## The problem
Give back only the lines in the records below from the one with "受客戶委托,梅州市嘉應糧食交" to the one with "the duct, m.", both inclusive, word for word.

## Provided material
________________________
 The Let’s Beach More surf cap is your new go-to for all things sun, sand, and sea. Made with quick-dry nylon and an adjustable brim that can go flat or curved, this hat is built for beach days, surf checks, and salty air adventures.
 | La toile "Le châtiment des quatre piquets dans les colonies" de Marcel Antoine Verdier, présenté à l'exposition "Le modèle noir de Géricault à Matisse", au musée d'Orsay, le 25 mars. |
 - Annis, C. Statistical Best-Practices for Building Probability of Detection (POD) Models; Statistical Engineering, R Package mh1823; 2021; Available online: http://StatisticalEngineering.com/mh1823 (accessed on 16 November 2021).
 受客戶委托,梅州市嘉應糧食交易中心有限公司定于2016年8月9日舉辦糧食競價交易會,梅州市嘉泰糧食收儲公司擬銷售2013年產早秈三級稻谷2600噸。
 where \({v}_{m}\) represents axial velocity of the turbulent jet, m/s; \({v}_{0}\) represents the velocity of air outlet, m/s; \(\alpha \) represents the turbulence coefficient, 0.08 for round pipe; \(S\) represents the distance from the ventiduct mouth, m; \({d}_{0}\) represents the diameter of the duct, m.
________________________
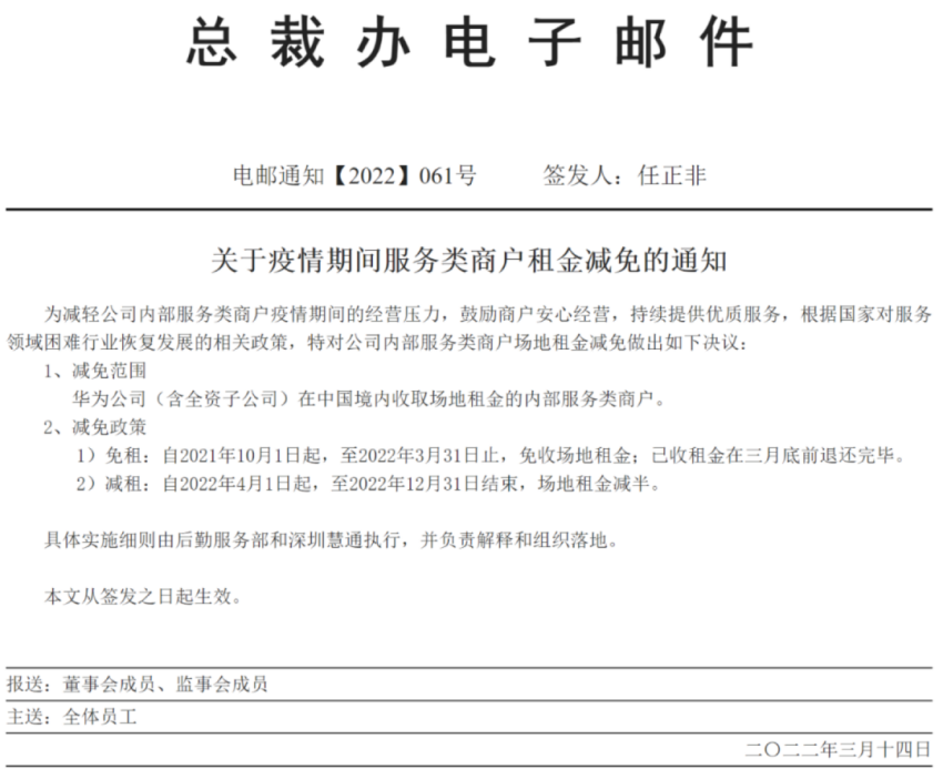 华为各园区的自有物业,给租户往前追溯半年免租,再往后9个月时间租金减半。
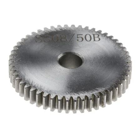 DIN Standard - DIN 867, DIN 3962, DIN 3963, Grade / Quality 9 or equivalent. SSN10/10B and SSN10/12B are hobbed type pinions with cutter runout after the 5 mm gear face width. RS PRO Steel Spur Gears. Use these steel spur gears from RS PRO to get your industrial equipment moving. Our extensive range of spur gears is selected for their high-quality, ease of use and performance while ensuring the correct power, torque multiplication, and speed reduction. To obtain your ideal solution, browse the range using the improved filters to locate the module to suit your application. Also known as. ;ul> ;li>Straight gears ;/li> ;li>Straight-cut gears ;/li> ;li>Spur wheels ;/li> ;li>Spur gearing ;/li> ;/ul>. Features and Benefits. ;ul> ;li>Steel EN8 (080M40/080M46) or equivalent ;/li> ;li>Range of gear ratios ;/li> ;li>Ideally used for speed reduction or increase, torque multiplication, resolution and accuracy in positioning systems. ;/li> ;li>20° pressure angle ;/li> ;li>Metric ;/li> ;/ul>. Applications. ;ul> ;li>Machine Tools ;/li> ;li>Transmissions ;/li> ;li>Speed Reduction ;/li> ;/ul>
________________________
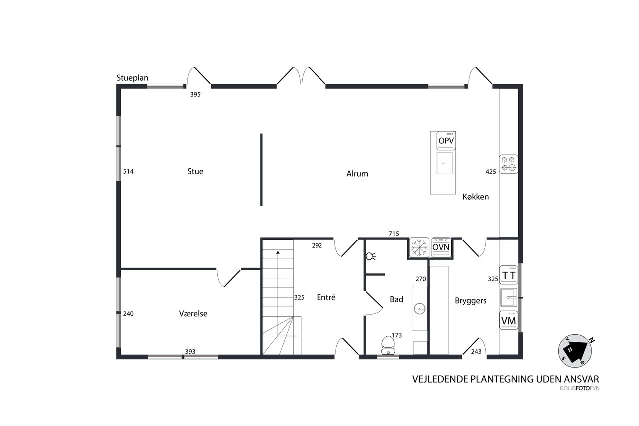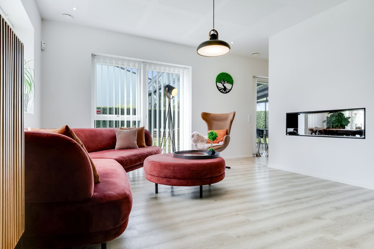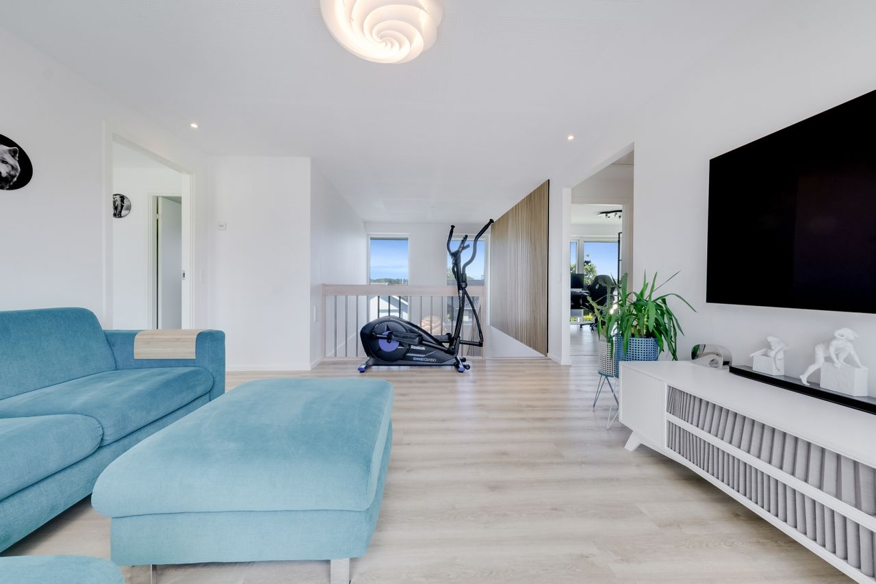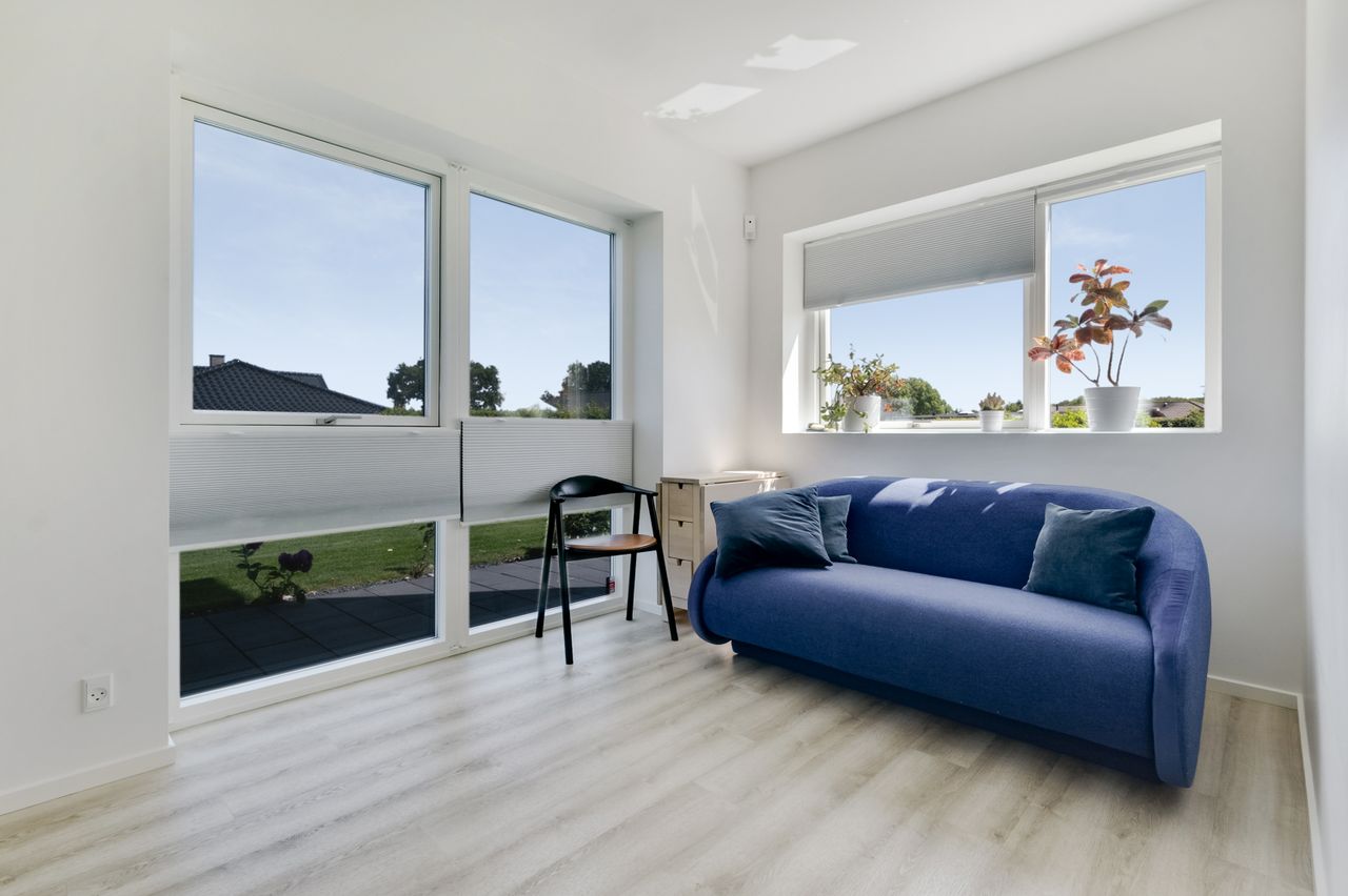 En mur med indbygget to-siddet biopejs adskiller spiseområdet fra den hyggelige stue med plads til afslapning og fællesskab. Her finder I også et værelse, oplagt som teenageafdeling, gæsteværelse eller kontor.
________________________
## Written solution
 受客戶委托,梅州市嘉應糧食交易中心有限公司定于2016年8月9日舉辦糧食競價交易會,梅州市嘉泰糧食收儲公司擬銷售2013年產早秈三級稻谷2600噸。
 where \({v}_{m}\) represents axial velocity of the turbulent jet, m/s; \({v}_{0}\) represents the velocity of air outlet, m/s; \(\alpha \) represents the turbulence coefficient, 0.08 for round pipe; \(S\) represents the distance from the ventiduct mouth, m; \({d}_{0}\) represents the diameter of the duct, m.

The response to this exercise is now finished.